We can check to see if all values have been stored correctly.

In [49]:
list(G.nodes(data=True))[:5]

[('EPP', {'MEP': 'Y', 'bipartite': 1, 'degree_centrality': 3.259259259259259}),
 ('Problem - Third country emigration',
  {'MEP': 'null', 'bipartite': 0, 'degree_centrality': 1.0384615384615385}),
 ('Problem - Working conditions',
  {'MEP': 'null', 'bipartite': 0, 'degree_centrality': 1.153846153846154}),
 ('Solution - R&D',
  {'MEP': 'null', 'bipartite': 0, 'degree_centrality': 1.2692307692307694}),
 ('DG Research',
  {'MEP': 'N', 'bipartite': 1, 'degree_centrality': 3.185185185185185})]
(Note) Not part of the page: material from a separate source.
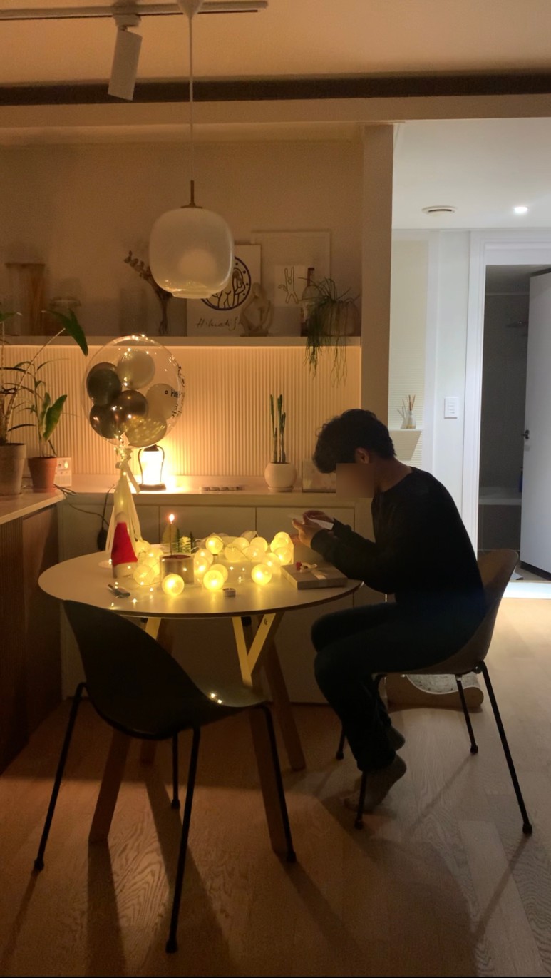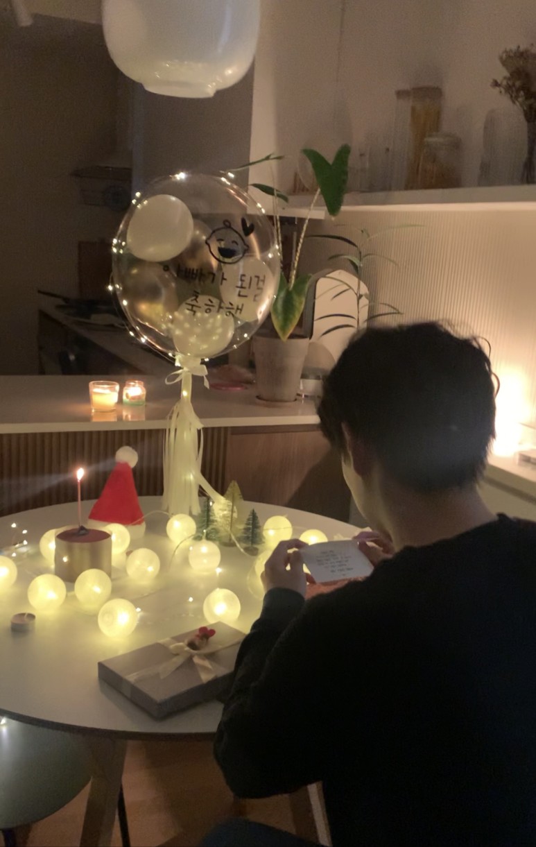 남편이 불꺼진 집안으로 들어오면 테이블에 보이는 반짝반짝한 전구와 풍선ㅡ, 그리고 상자를 열어보니 짜잔~!

The code below creates three empty lists and fills them up with nodes according to their MEP, EC, or frame status. 

In [50]:
mep_nodes = []
ec_nodes = []
frame_nodes = []

for n, d in G.nodes(data=True):
    if G.node[n]['MEP'] == 'Y':
        mep_nodes.append(n)
    elif G.node[n]['MEP'] == 'N':
        ec_nodes.append(n)
    else:
        frame_nodes.append(n)

### Drawing with nxviz

The nxviz package is a python package for rational network visualization, focusing on arc plots, hive plots, and circos plots. The project is looking for contributors [here](http://nxviz.readthedocs.io/en/latest/).

In [52]:
import nxviz as nv
import matplotlib.pyplot as plt
%matplotlib notebook
from nxviz import CircosPlot

The API is simple and declarative.

In [17]:
c = CircosPlot(G, node_order='degree_centrality', node_grouping='MEP', node_color='MEP')
c.draw()

<IPython.core.display.Javascript object>

In [18]:
plt.close()

I'm very pleased with the aesthetics of the nxviz circosplots, but I would need labels on the diagram for it to be really useful in this instance (something which is not implemented yet in the package). I'll explore other ways of visualizing the graph with matplotlib.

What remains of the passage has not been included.